*** Opening of DATASET EXCERPTS ***

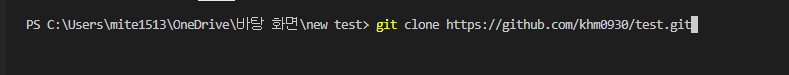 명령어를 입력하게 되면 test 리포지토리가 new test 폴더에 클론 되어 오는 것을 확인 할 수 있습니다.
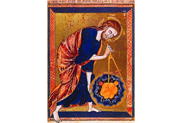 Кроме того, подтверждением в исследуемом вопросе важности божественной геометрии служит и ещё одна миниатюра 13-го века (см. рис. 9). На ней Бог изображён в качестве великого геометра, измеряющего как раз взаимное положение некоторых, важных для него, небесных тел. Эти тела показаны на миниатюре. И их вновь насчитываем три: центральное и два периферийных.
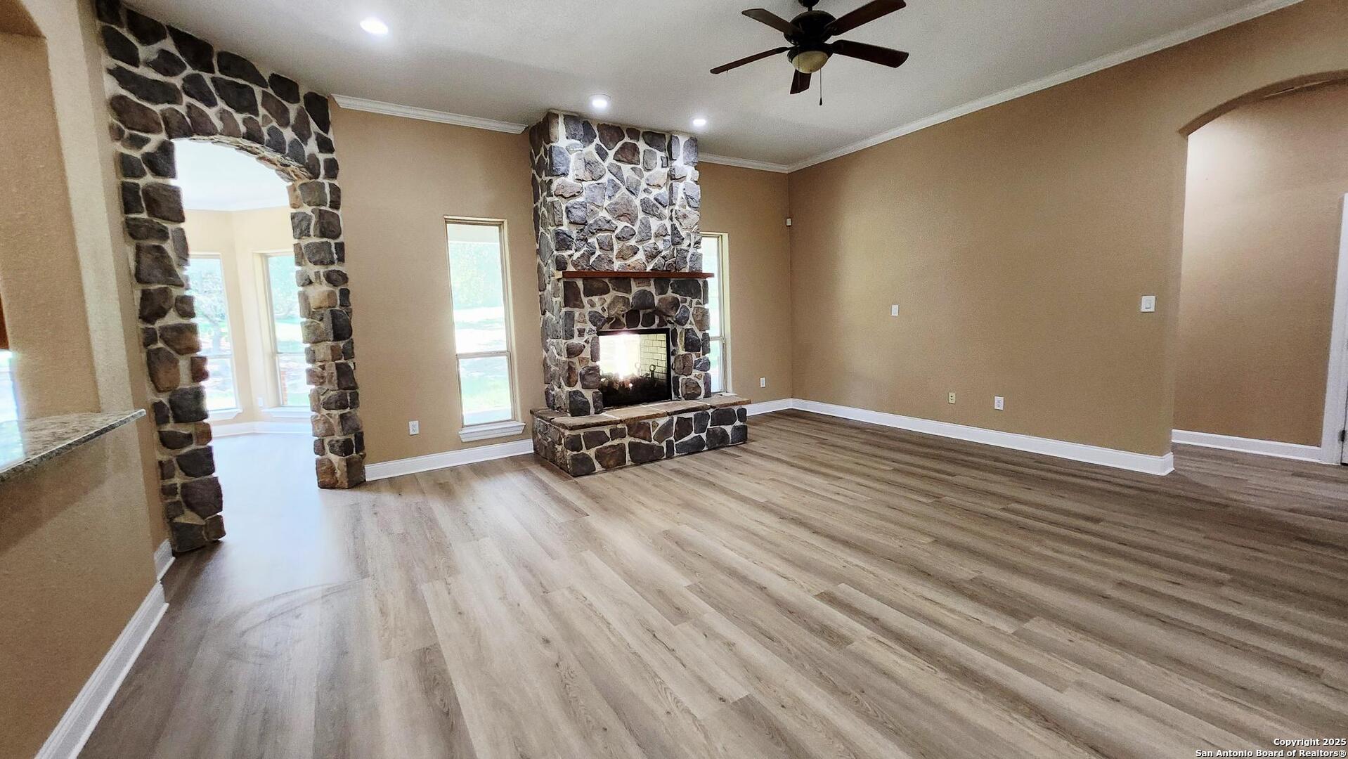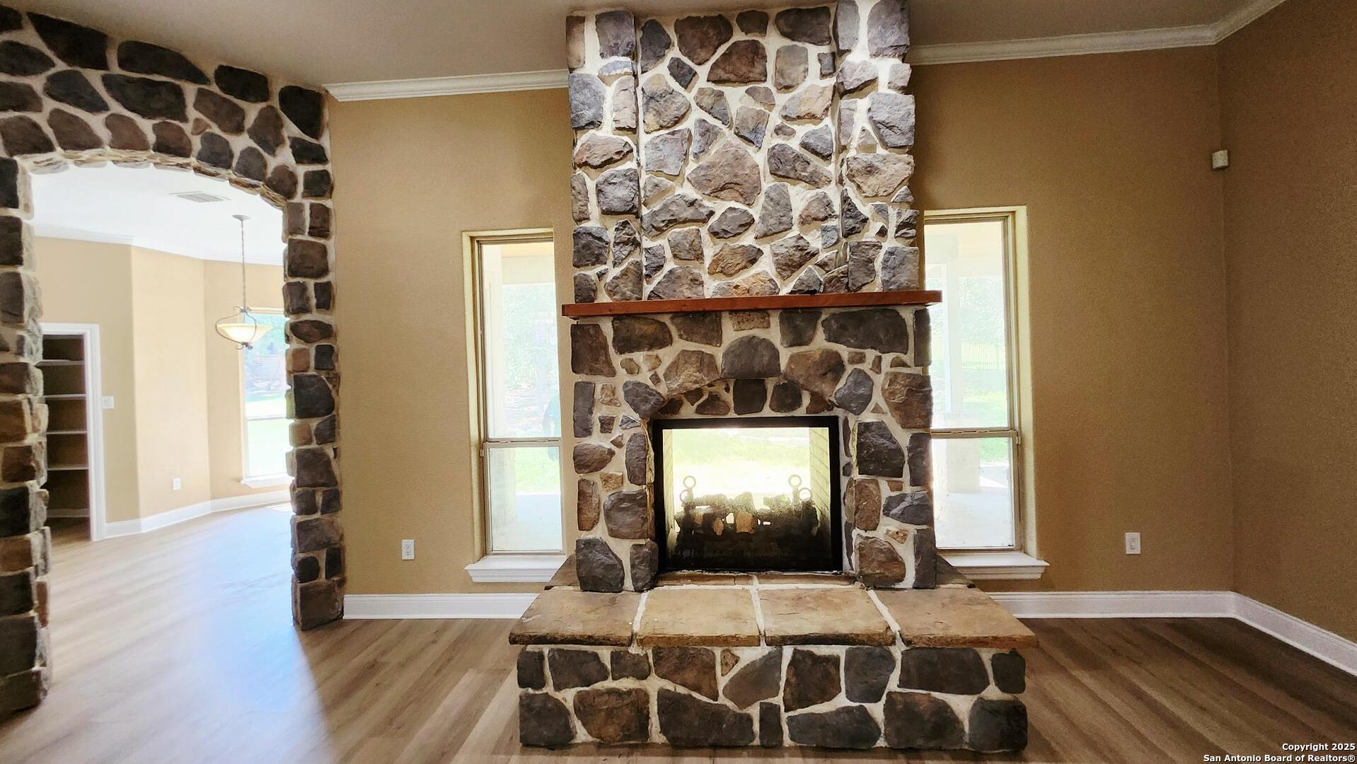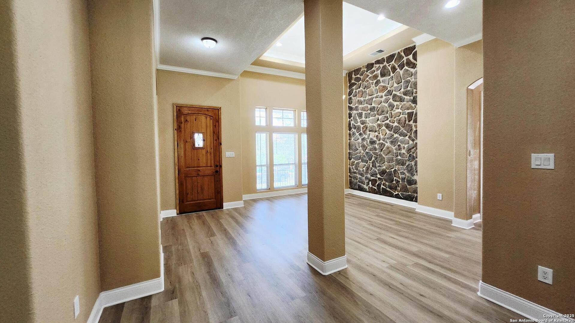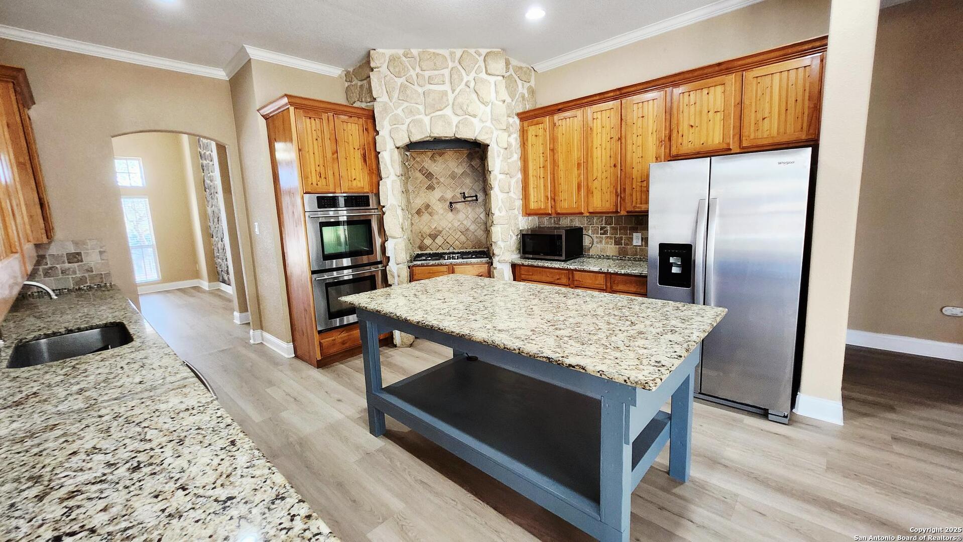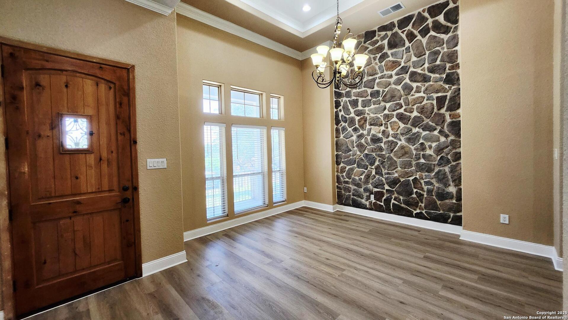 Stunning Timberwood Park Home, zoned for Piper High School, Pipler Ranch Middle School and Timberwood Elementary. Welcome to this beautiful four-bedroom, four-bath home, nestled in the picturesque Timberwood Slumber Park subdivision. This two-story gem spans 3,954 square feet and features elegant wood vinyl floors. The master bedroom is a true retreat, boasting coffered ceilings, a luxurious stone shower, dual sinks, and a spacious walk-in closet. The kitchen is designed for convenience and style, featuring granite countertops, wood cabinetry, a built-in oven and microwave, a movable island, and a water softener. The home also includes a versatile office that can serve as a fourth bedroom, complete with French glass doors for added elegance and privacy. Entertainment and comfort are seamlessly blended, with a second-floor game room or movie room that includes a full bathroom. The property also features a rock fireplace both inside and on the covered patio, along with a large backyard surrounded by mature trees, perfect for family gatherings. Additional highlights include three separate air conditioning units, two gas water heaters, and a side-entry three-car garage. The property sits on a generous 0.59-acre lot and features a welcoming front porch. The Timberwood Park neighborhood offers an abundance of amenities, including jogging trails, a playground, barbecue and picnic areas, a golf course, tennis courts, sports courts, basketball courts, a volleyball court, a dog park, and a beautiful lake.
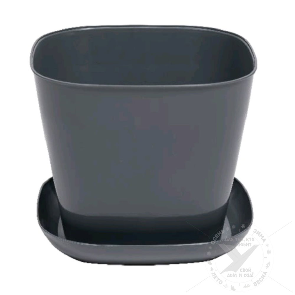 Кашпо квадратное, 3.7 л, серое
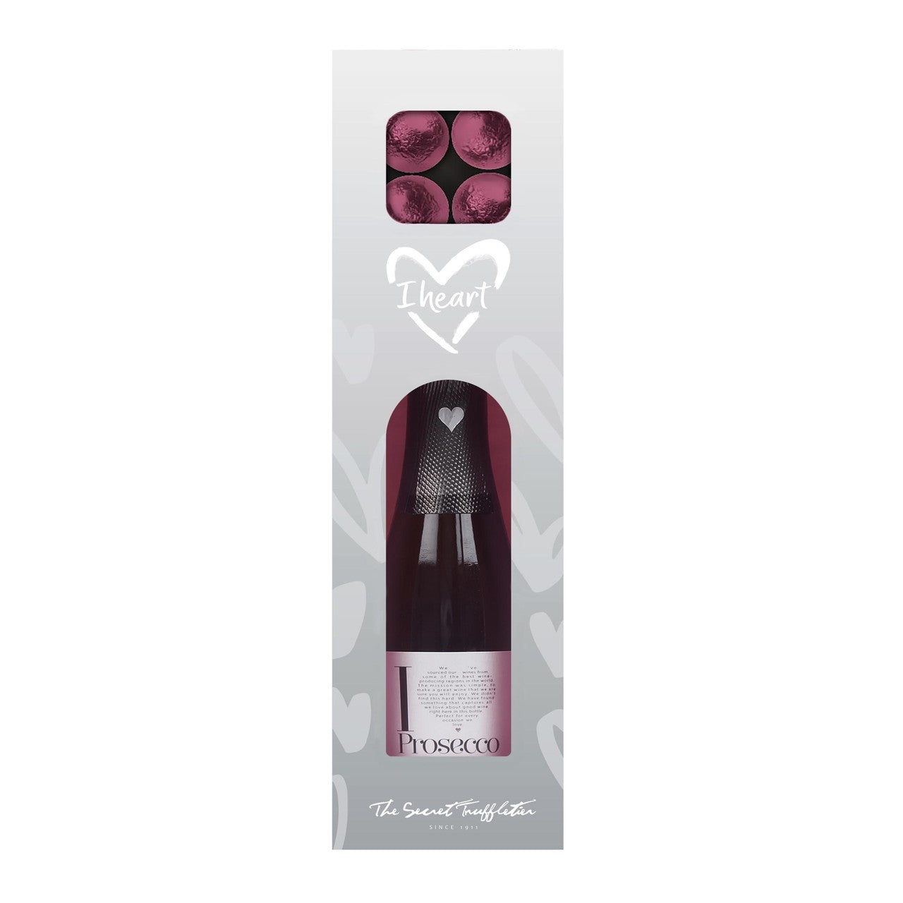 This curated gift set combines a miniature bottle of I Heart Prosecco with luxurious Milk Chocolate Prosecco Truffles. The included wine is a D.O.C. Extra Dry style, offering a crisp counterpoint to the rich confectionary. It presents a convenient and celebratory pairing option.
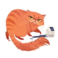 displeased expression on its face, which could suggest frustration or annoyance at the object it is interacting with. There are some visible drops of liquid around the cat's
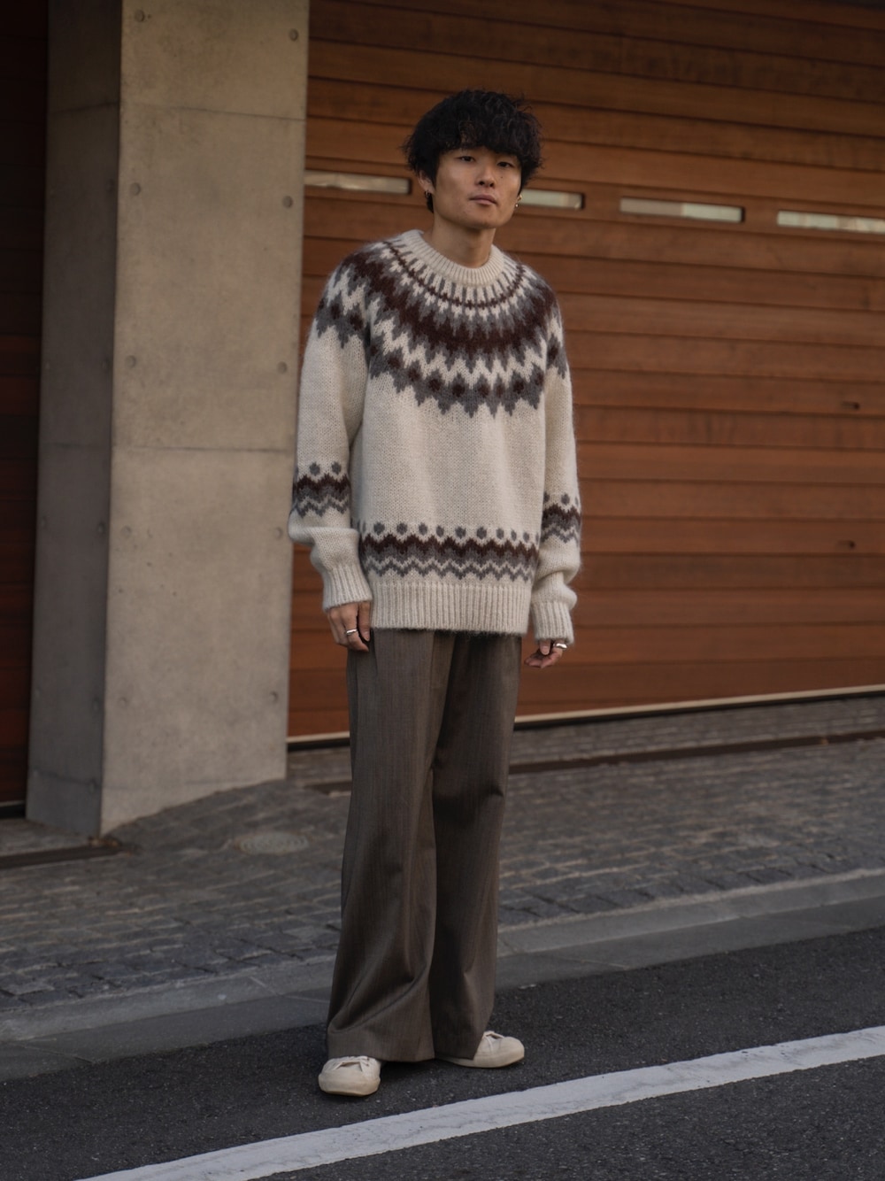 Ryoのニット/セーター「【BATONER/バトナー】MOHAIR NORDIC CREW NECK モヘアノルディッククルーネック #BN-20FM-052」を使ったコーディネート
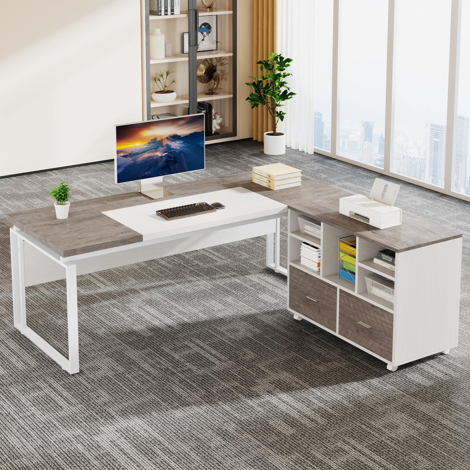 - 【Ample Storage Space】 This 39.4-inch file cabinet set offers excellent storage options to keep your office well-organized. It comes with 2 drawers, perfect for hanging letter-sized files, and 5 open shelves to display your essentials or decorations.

*** Close of DATASET EXCERPTS ***

▶ [REQUIREMENT]: Print only the lines from the first line of the data above through the one containing "Кроме того, подтверждением", exactly as they are, with pictures omitted.

▶ [REPLY TO THE TASK]:
 명령어를 입력하게 되면 test 리포지토리가 new test 폴더에 클론 되어 오는 것을 확인 할 수 있습니다.
 Кроме того, подтверждением в исследуемом вопросе важности божественной геометрии служит и ещё одна миниатюра 13-го века (см. рис. 9). На ней Бог изображён в качестве великого геометра, измеряющего как раз взаимное положение некоторых, важных для него, небесных тел. Эти тела показаны на миниатюре. И их вновь насчитываем три: центральное и два периферийных.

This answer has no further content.